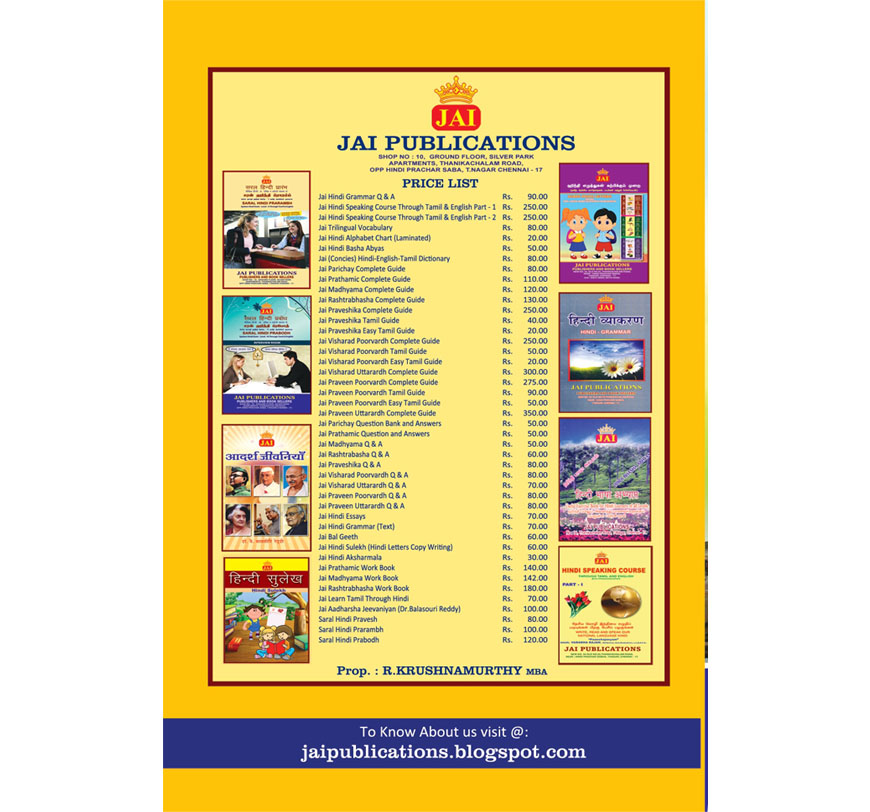 We JAI PUBLICATIONS have been serving the needs for books from Schools, Colleges, Children and also readers of all ages with our base at Chennai since 1992.
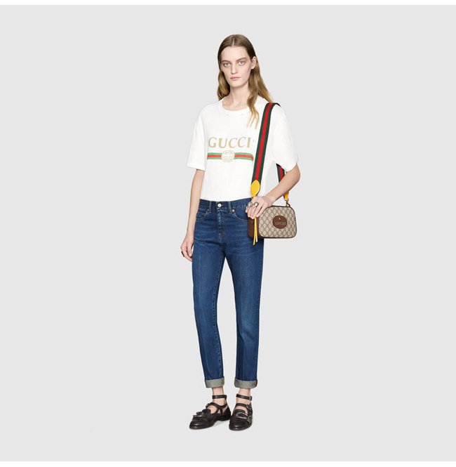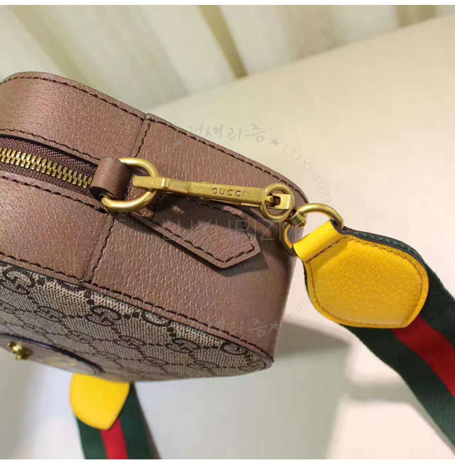 하우스 웹 스트라이프로 장식된 옐로우 가죽 디테일의 GG 수 프림 캔버스 소재의 메신저 백
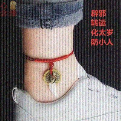 Con chó răng vòng chân đồng xu chuông vòng chân năm sinh năm sinh sợi dây màu đỏ nam và nữ vòng chân - Vòng chân
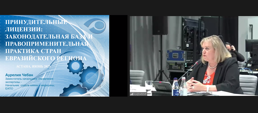 Сараптама басқармасы басшысының орынбасары – ЕАПВ химия және медицина бөлімінің басшысыА.В. Чебан еуразиялық кеңістікте дәрілік препараттарға қатысты патенттерге мәжбүрлі лицензия беру тетігін қолдану тәжірибесімен таныстырды.
────────────────────
### PROMPT
What is needed is a word-for-word copy of the data, minus its pictures.

### RESULT OF THE TASK
 We JAI PUBLICATIONS have been serving the needs for books from Schools, Colleges, Children and also readers of all ages with our base at Chennai since 1992.
 하우스 웹 스트라이프로 장식된 옐로우 가죽 디테일의 GG 수 프림 캔버스 소재의 메신저 백
 Con chó răng vòng chân đồng xu chuông vòng chân năm sinh năm sinh sợi dây màu đỏ nam và nữ vòng chân - Vòng chân
 Сараптама басқармасы басшысының орынбасары – ЕАПВ химия және медицина бөлімінің басшысыА.В. Чебан еуразиялық кеңістікте дәрілік препараттарға қатысты патенттерге мәжбүрлі лицензия беру тетігін қолдану тәжірибесімен таныстырды.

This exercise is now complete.